→ **Data block**
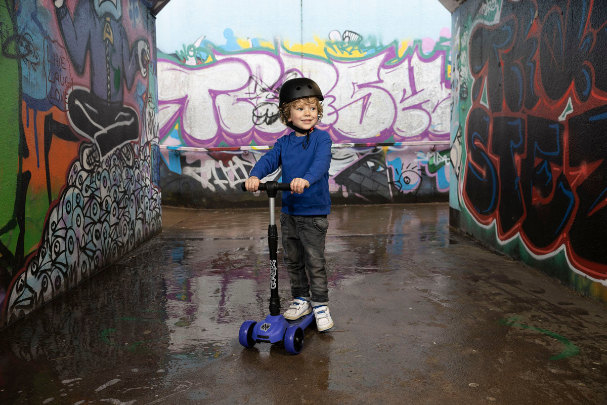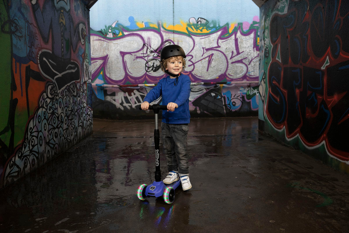 QUICK RELEASE FOLDING SYSTEM: Lightweight and portable, the Xootz Scout Tri-Scooter features a collapsible stem for easy storage and transportation to the park or playdate - H18cm x W26cm x L56cm
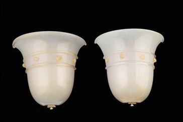 Due ciotole biansate in vetro soffiato di Murano color giallo paglierino. Firma ad acido M.V.M. CAPPELLIN, Murano. Difetto di cottura. Pubblicate in Marino Barovier e Carlo Sonego (a cura di), Vetreri
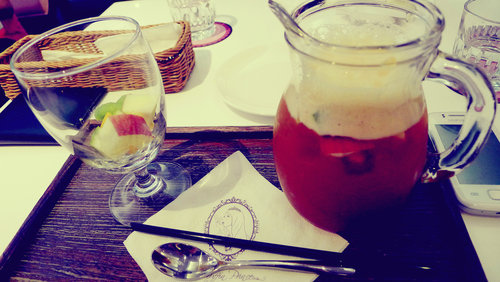 我桌上這杯是冰咖啡~我則點了水果茶。
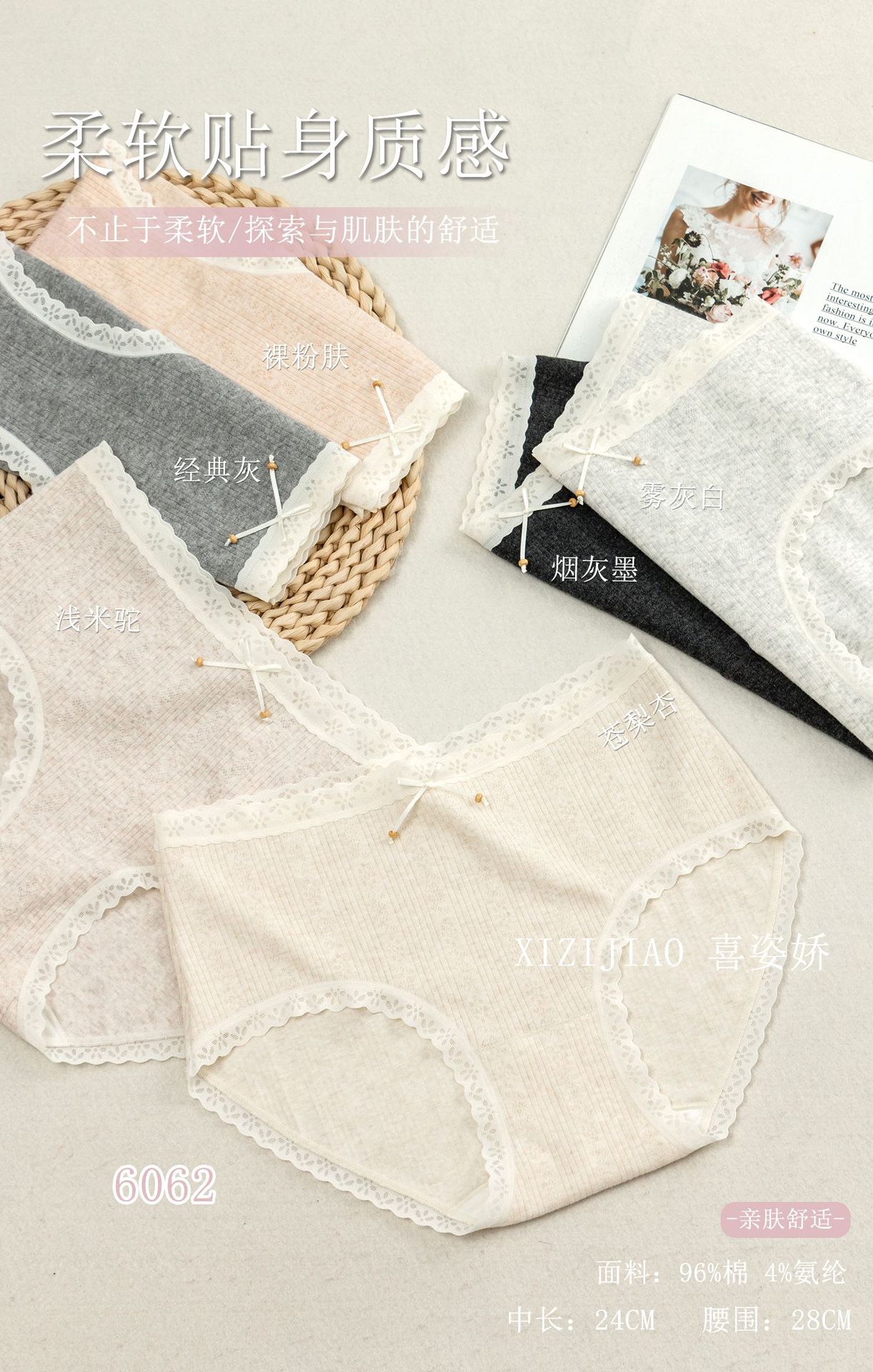 퓨어 코튼 자카드 속옷 여성의 중간 허리 레이스 소녀 브리프 편안한 학생 바지 해피 자세 6062 가을과 겨울 뉴스토어 가기

→ **What the exercise asks**
Starting at the line that contains "Due ciotole biansate", output every line through the end of the data, both ends included, and nothing else; pictures stay out.

→ **Response to this task**
 Due ciotole biansate in vetro soffiato di Murano color giallo paglierino. Firma ad acido M.V.M. CAPPELLIN, Murano. Difetto di cottura. Pubblicate in Marino Barovier e Carlo Sonego (a cura di), Vetreri
 我桌上這杯是冰咖啡~我則點了水果茶。
 퓨어 코튼 자카드 속옷 여성의 중간 허리 레이스 소녀 브리프 편안한 학생 바지 해피 자세 6062 가을과 겨울 뉴스토어 가기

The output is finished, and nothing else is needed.